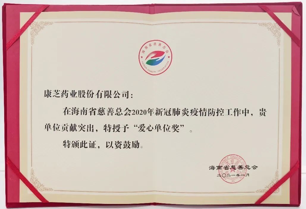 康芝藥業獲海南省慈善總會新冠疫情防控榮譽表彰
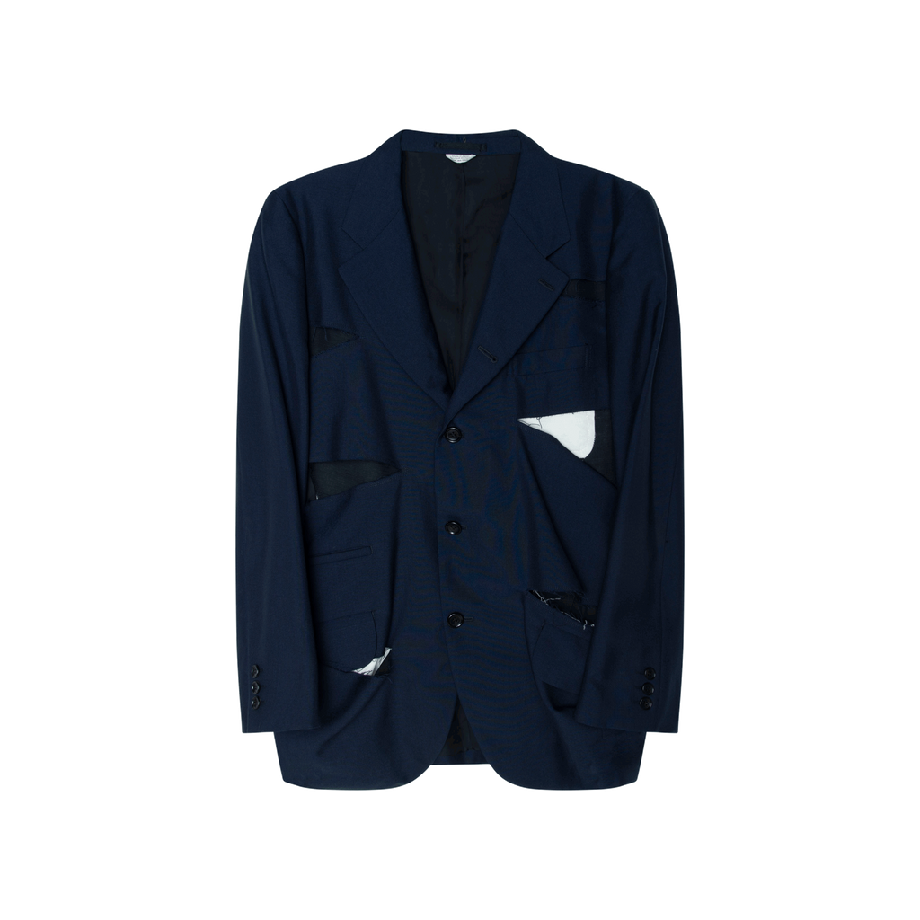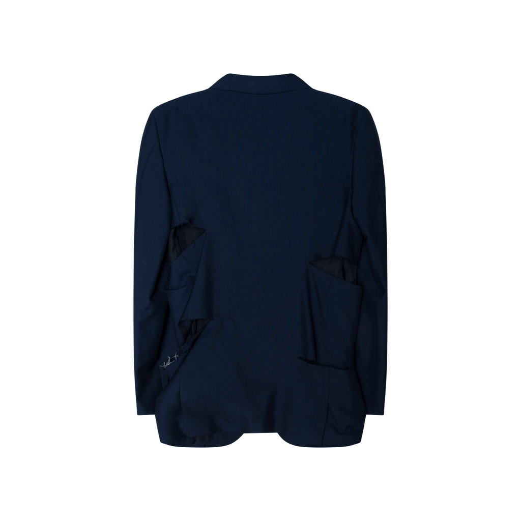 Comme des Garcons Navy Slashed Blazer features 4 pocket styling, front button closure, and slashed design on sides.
---
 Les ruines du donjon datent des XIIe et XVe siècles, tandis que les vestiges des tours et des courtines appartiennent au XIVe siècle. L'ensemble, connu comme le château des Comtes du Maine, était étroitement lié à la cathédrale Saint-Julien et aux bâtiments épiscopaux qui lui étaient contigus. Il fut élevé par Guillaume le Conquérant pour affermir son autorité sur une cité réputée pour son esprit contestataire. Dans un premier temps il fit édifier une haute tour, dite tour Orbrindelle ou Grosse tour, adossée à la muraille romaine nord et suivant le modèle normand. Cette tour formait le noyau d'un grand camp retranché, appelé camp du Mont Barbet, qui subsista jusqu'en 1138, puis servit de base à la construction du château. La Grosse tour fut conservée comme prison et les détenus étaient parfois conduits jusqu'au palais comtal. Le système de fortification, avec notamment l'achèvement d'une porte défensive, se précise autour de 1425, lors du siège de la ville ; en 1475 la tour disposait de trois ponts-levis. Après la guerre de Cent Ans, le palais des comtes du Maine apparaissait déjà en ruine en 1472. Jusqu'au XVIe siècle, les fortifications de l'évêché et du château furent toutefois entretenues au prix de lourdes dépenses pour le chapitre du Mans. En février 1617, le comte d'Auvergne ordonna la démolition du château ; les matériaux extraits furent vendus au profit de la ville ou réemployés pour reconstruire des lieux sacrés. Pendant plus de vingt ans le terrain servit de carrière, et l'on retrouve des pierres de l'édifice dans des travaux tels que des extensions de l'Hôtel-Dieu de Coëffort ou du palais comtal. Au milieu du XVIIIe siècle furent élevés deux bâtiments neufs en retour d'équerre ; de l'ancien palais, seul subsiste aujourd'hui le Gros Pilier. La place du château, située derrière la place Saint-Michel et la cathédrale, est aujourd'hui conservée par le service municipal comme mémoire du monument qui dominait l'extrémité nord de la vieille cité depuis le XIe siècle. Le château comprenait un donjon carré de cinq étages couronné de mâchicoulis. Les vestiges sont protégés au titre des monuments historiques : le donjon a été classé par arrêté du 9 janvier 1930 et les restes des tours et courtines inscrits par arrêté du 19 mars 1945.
==
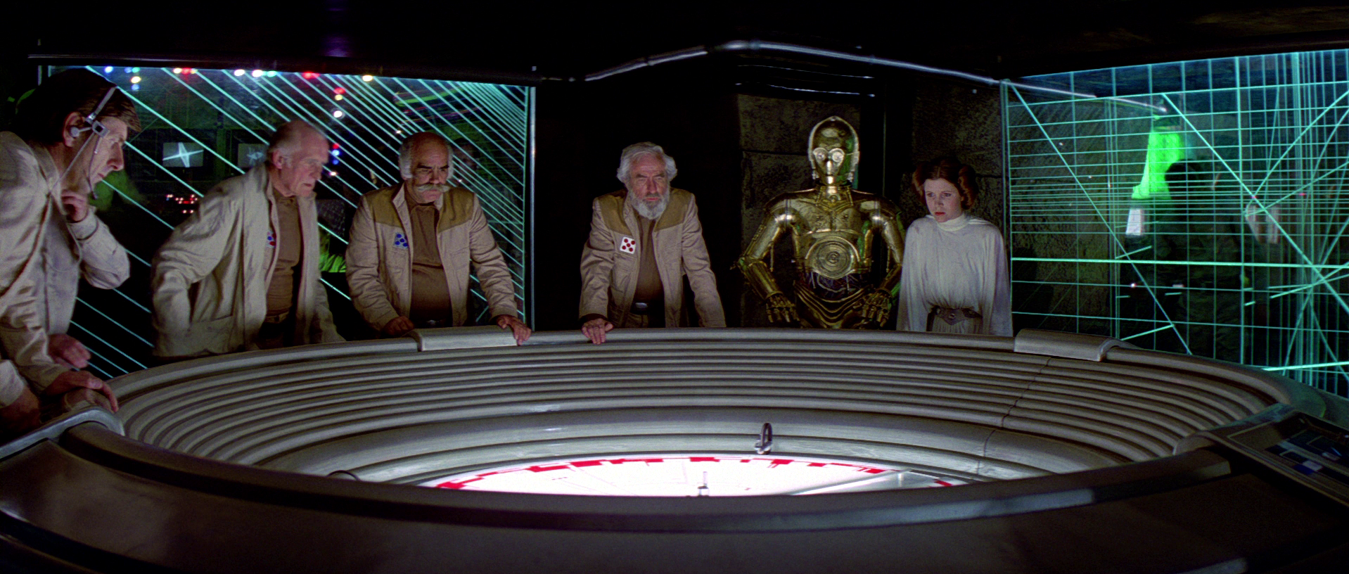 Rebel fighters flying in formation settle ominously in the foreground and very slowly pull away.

Problem: The result should be an exact copy of only the lines above from the one that holds "康芝藥業獲海南省慈善總會新冠疫情防控榮譽表彰" through the one that holds "Comme des Garcons", both ends included, without pictures.

Answer section:
 康芝藥業獲海南省慈善總會新冠疫情防控榮譽表彰
 Comme des Garcons Navy Slashed Blazer features 4 pocket styling, front button closure, and slashed design on sides.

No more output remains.